Step-by-step solution

Check if the curl of \(F\) equals zero

Calculate the curl of the vector field \(F = (e^{z}y, e^{z}x, e^{z}xy)\). This is done by using the determinants of the matrix formed by the unit vectors \(i\), \(j\), and \(k\), the gradient operator \(\[ \nabla = (\frac{\partial}{\partial x}, \frac{\partial}{\partial y}, \frac{\partial}{\partial z})\], and the vector field itself. i.e.,\(\nabla \times F = \left| \begin{matrix} i & j & k \\ \frac{\partial}{\partial x} & \frac{\partial}{\partial y} & \frac{\partial}{\partial z} \\ e^{z}y & e^{z}x & e^{z}xy \end{matrix} \right|\)
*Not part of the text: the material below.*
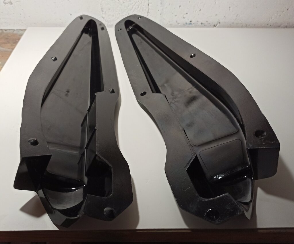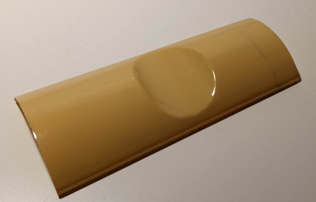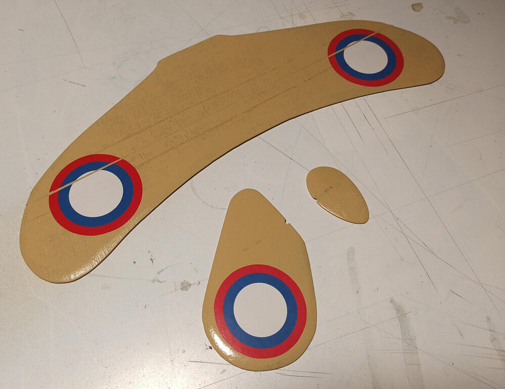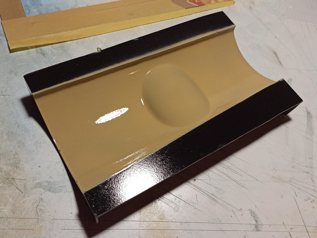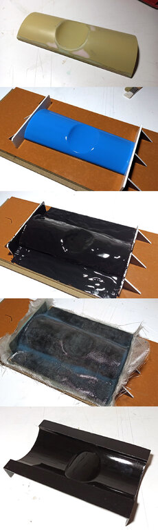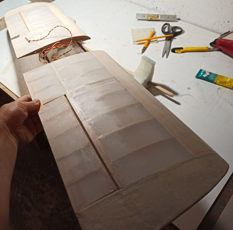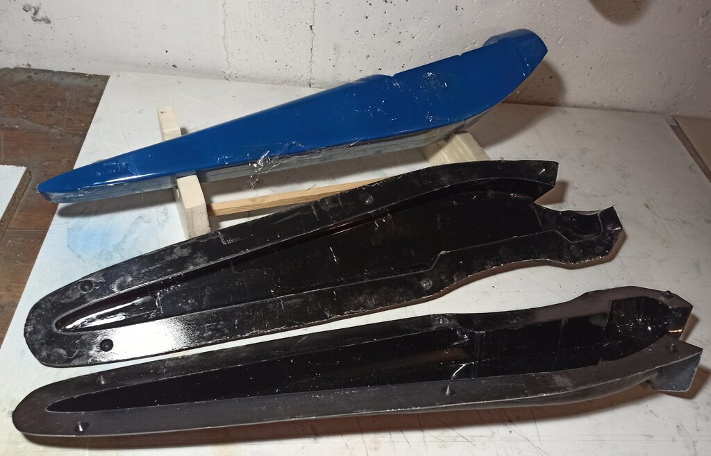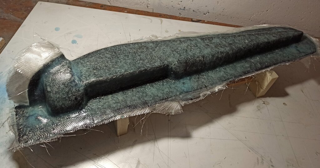 No cóż, nie obyło się bez darcia papierem ściernym - zeszlifowałem wszystko prawie do zera i odtworzyłem na tyle na ile się dało powierzchnię i szczegóły. Przy okazji przypomiałem sobie, że forma musi mieć dostęp do środka do klejenia połówek, więc dodałem kołnierz przy masce. Po malowaniu lakierem (tym razem motip): Potem 5 razy wosk, forma do podziału, uszczelnienie plastelinką, nawiercone "zamki": Na to pva, na to żelkot i szmata z żywicą: W międzyczasie oklejone skrzydło. Jednak podszewka i lakier - może więcej roboty, ale czy mi się śpieszy? Oraz gotowe stateczniki, pomalowane i z oznaczeniami: Po wyjęciu z podziału połówka formy wyszła tak: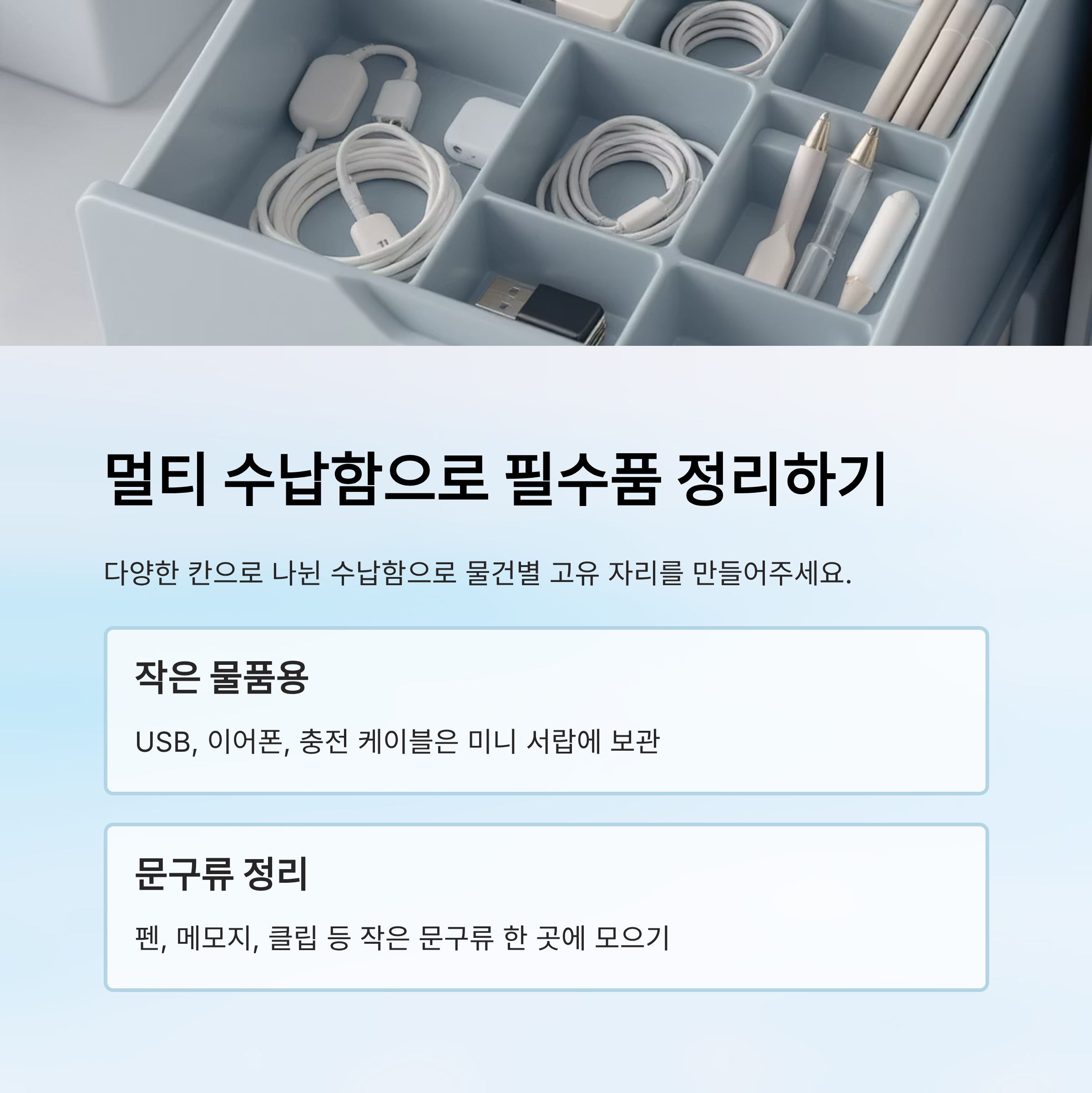 이제 이들을 효과적으로 정리해줄 멀티 수납함이 필요해요.

Calculate the determinants to get the curl of \(F\)

When we calculate the determinants, we get \(\nabla \times F = \left( \frac{\partial}{\partial y}(e^{z}xy) - \frac{\partial}{\partial z}(e^{z}x)\right)i - \left( \frac{\partial}{\partial x}(e^{z}xy) - \frac{\partial}{\partial z}(e^{z}y)\right)j + \left( \frac{\partial}{\partial x}(e^{z}x) - \frac{\partial}{\partial y}(e^{z}y)\right)k\). This simplifies to \(\nabla \times F = (e^{z} - e^{z})i - (e^{z} - e^{z})j + (e^{z} - e^{z})k = 0\)

Determine the potential function of \(F\)

Now find a potential function \(f\) such that the gradient of \(f\) is equal to \(F\). This is solved by integrating the first component of \(F\) regarding \(x\), the second component of \(F\) regarding \(y\), and the third component of \(F\) regarding \(z\) and then harmonising the results. Since \(F\) is conservative, the results will be harmonised. If we do that, we get \(f(x, y, z) = \int e^{z}y dx + \int e^{z}x dy + \int e^{z}xy dz = e^{z}xy\). So, the potential function for \(F\) is \(f(x, y, z) = e^{z}xy\).